“I’m that horrible friend that reads your text then puts the phone down to do something and forgets to reply until 3 hou…”
He retweeted some celeb’s tweet and as Facebook status. That doesn’t make me feel better. I’m sorry to say this. If you’re sincerely sorry, please. DO REPLY!! I’m kinda sick of this.
I’ve been receiving A’s Facebook messages recently(A used to crush on me /publicly into me back in GCE Alevel, which is…ALMOST 2 YEARS AGO??). He’s been concerning my well being in Ghana and very much interested in what am I doing here. The first thing in morning, I received A’s message as I woke up. He’s been very much trying to chat with me although I always reply him nonchalantly as I really have no what-so-interest in him and I’ll never want to give him any false hope.

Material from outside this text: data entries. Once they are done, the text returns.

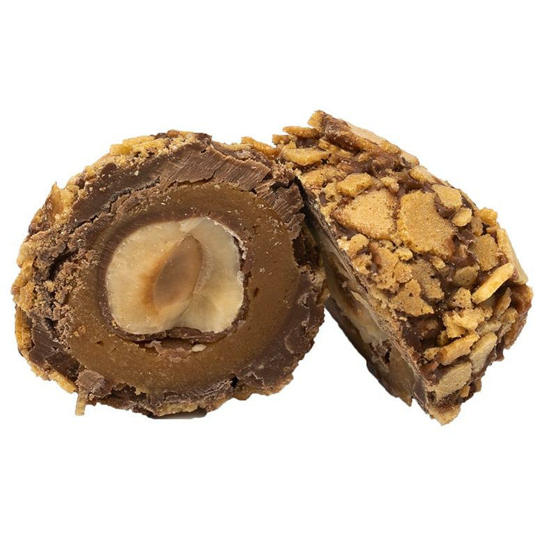 What do you get when you combine hazelnut, caramel, and feuilletine all in one exquisite treat? Well the picture already speaks for itself. This round confection is sprinkled with feuilletine all around and contains a caramel and hazelnut filling that will win your heart over.
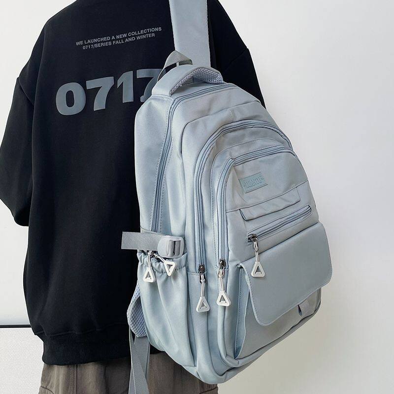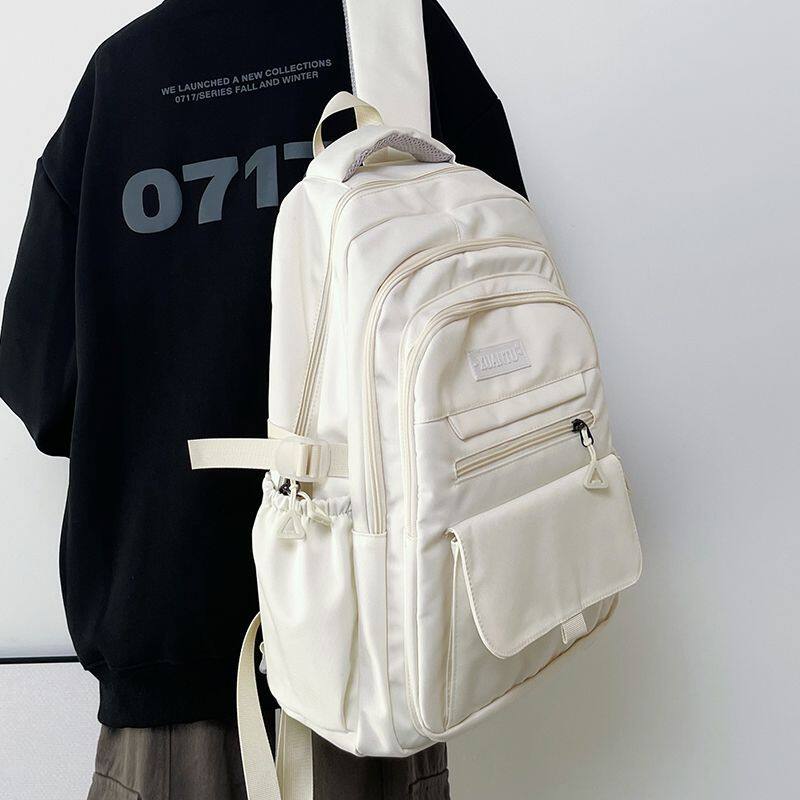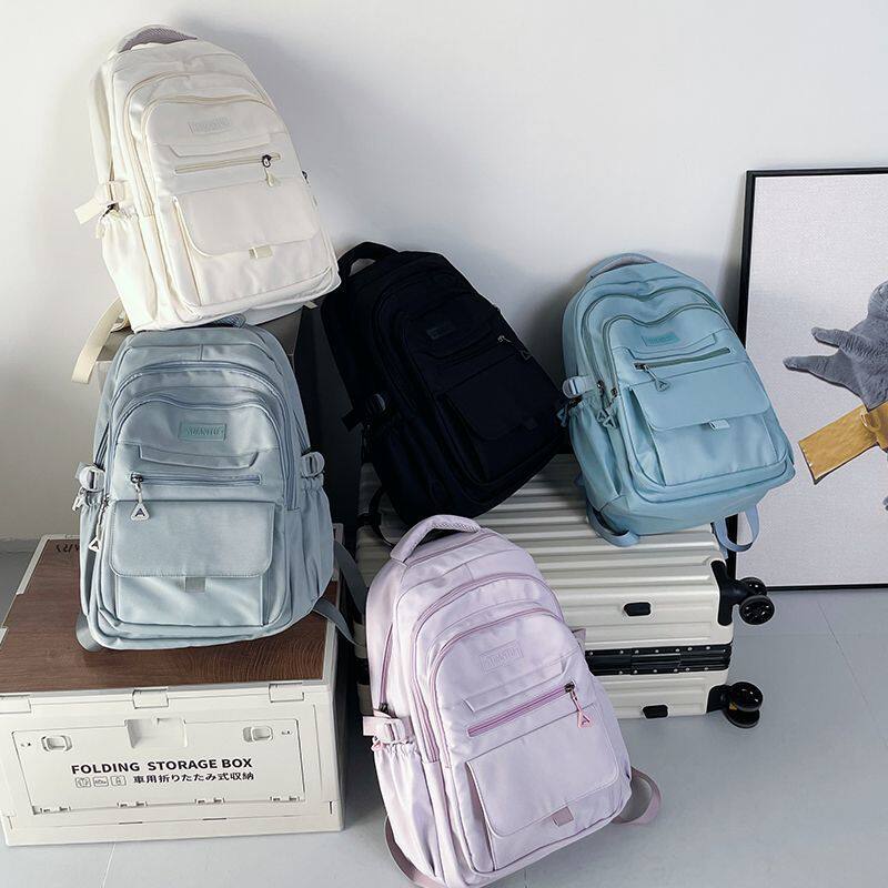 校园初中生书包男生大学生纯色大容量高中生双肩包女休闲百搭背包
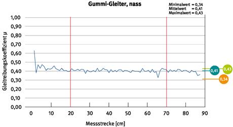 Anmerkung: Auf sehr glatten Oberflächen (z.B. hochglanzpoliertem Steinzeug) kann es zu einem "Ansaugen" der Gleiter kommen und dadurch zu einem hohen µ-Wert, der der tatsächlich geringen Rutschhemmung nicht entspricht. |
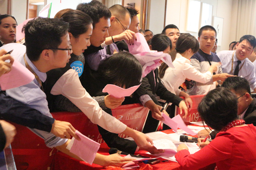 為了能搶到心儀房源,早上7點(diǎn),不少數(shù)客戶已在營銷中心門口排隊(duì)等候。開盤前1小時(shí),在工作人員的引導(dǎo)下,客戶依次排隊(duì)領(lǐng)號(hào)進(jìn)入等候區(qū),不停與置業(yè)顧問交流房源信息。9點(diǎn)30分,開盤活動(dòng)正式開始,內(nèi)場搶房如火如荼,外場等待客戶心情迫切!
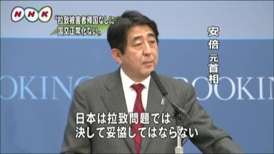 據(jù)日本NHK電視臺(tái)18日?qǐng)?bào)道,日本前首相安倍晉三在美國(guó)華盛頓演講時(shí)明確指出,關(guān)于人質(zhì)綁架問(wèn)題日本絕對(duì)不會(huì)就此妥協(xié)。只要享有人權(quán)的被綁架者歸國(guó)無(wú)法實(shí)現(xiàn),日本不會(huì)同朝鮮恢復(fù)邦交正常化,而朝鮮跨越日本領(lǐng)土發(fā)射導(dǎo)彈的挑釁行為絕對(duì)無(wú)法容忍。

He’s been kind. But I’m never in to him. Actually I am hoping that the message notification is from D. But he never reply. He never do. I am putting myself in such situation where I am actually praying that he’ll reply to me while most part of my brain tells me he’ll never reply. Silly me, isn’t it? It is karma. I’m treating A badly while D is treating me badly.
Moral of the story: A deserve a better treatment. I shall be a good person, let him happy a bit as his birthday is like 2 days away (July 1).
Anyway, today is a bit of rough patch. A team mate cum roommie got malaria. One of our supervisors’ little daughter passed away a few days ago and we now only informed! I felt bad for not knowing but definitely paying respect first thing tomorrow. May god bless her soul.
Something is not right. I’m not sure whether it is psychosomatic effects or whatsoever. It’s just 8.21pm. I felt a bit off. Felt weak, slight feverish, tired, body ache. I can’t be sick now. But I suspect I might be getting malaria too. Shits. This is not a good sign. Maybe I think too much and read too much about malaria.
Yesterday we had a blackout. Again. It’s pretty normal here. But I have some good talk with my bed-mie. She practically told me her love life/story to me. And some dirty secrets of others too. Which is a good thing. That means she trust me. After she finished, it’s already late night. She was expecting me to reciprocate therefore I told her some old college romance/bad romance that I had. But I don’t think I’m ready to tell my university’s romance. I don’t think it’s a good idea.